AVAILABLE DATA:

___

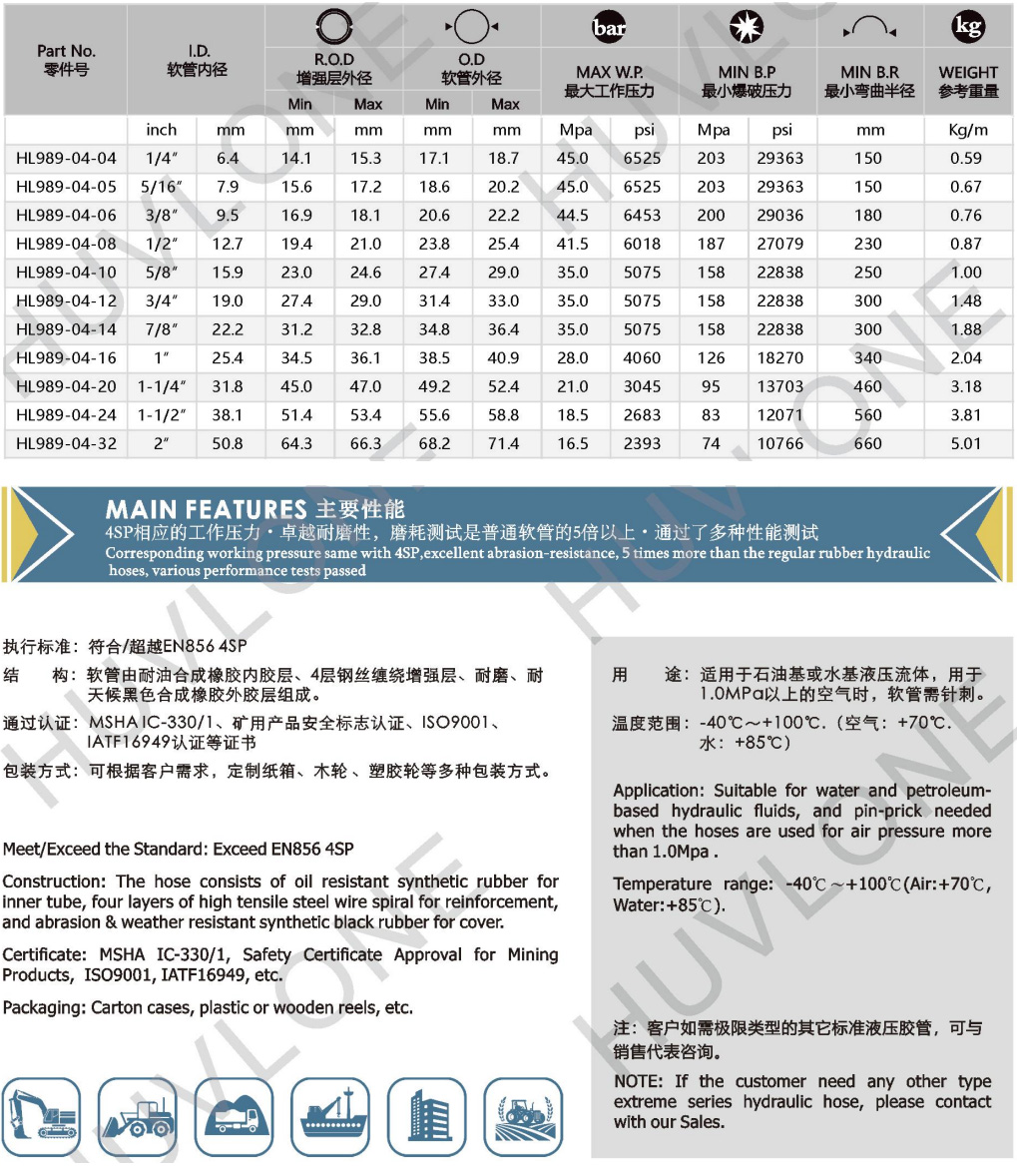 Meet/Exceed DIN EN856 4SP Four steel wires spiral rubber hydraulic hose with abrasion - resistance
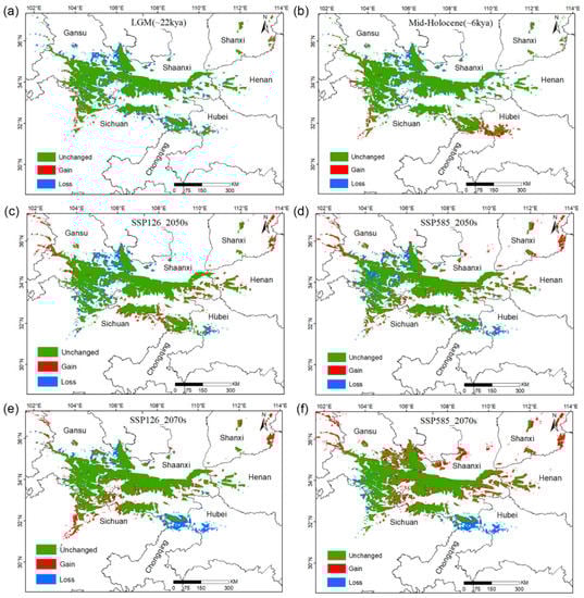The predicted changes in the suitable areas of R. purdomii under different climate scenarios compared to the current condition. LGM (a); Mid-Holocene (b); SSP126_2050s (c); SSP585_2050s (d); SSP126_2070s (e); SSP585_2070s (f).
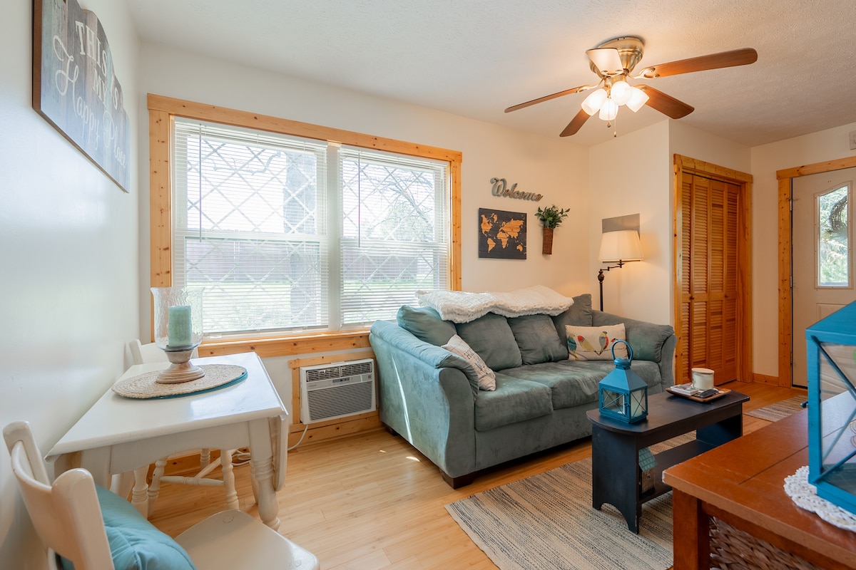 Escape to the peace & charm of the countryside in this cozy 1-bedroom, 1-bath cottage, perfect for a quiet retreat or romantic getaway. A pullout sofa provides extra sleeping space for guests. This property is pet-friendly. Whether you're hiking nearby trails or simply unwinding, this rural hideaway promises rest and relaxation. Maximum guests: 3. VT/Blacksburg - 13 miles RU/Radford - 14 miles Christiansburg - 10 miles Floyd - 13 miles FloydFest - 9 miles Roanoke, VA - 26 miles
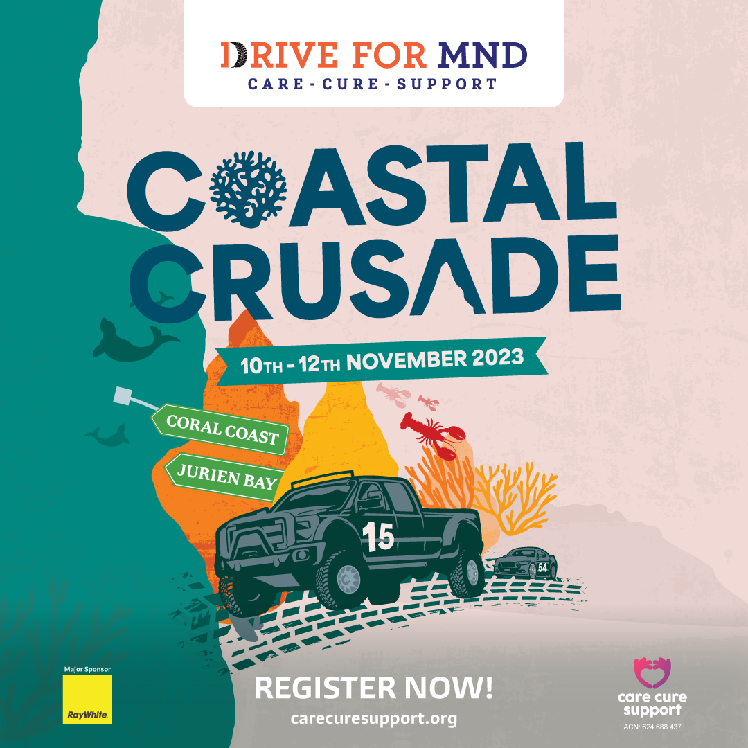 Get excited and register your car for this year’s Drive for MND ‘Coastal Crusade’ from Friday 10th to Sunday 12th November.
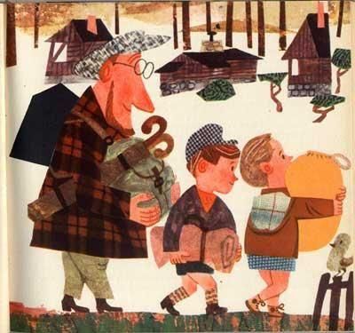 「Bachorky Admirala Machorky」と同じ年、そして同じコンビで出版された絵本。マルツェル・ステツケルがイラストを担当しています。こちらの絵本はグレーを使った味のあるモノクロのイラストが中心ですが、カラーイラストにはやはりコラージュが多用されていて、遊び心満載の一冊です。見返しのイラストもかわいいですよ。

___

WHAT THIS TASK INVOLVES:
A verbatim reproduction of each entry is expected, with every picture omitted.

EXERCISE RESULT:
 Meet/Exceed DIN EN856 4SP Four steel wires spiral rubber hydraulic hose with abrasion - resistance
The predicted changes in the suitable areas of R. purdomii under different climate scenarios compared to the current condition. LGM (a); Mid-Holocene (b); SSP126_2050s (c); SSP585_2050s (d); SSP126_2070s (e); SSP585_2070s (f).
 Escape to the peace & charm of the countryside in this cozy 1-bedroom, 1-bath cottage, perfect for a quiet retreat or romantic getaway. A pullout sofa provides extra sleeping space for guests. This property is pet-friendly. Whether you're hiking nearby trails or simply unwinding, this rural hideaway promises rest and relaxation. Maximum guests: 3. VT/Blacksburg - 13 miles RU/Radford - 14 miles Christiansburg - 10 miles Floyd - 13 miles FloydFest - 9 miles Roanoke, VA - 26 miles
 Get excited and register your car for this year’s Drive for MND ‘Coastal Crusade’ from Friday 10th to Sunday 12th November.
 「Bachorky Admirala Machorky」と同じ年、そして同じコンビで出版された絵本。マルツェル・ステツケルがイラストを担当しています。こちらの絵本はグレーを使った味のあるモノクロのイラストが中心ですが、カラーイラストにはやはりコラージュが多用されていて、遊び心満載の一冊です。見返しのイラストもかわいいですよ。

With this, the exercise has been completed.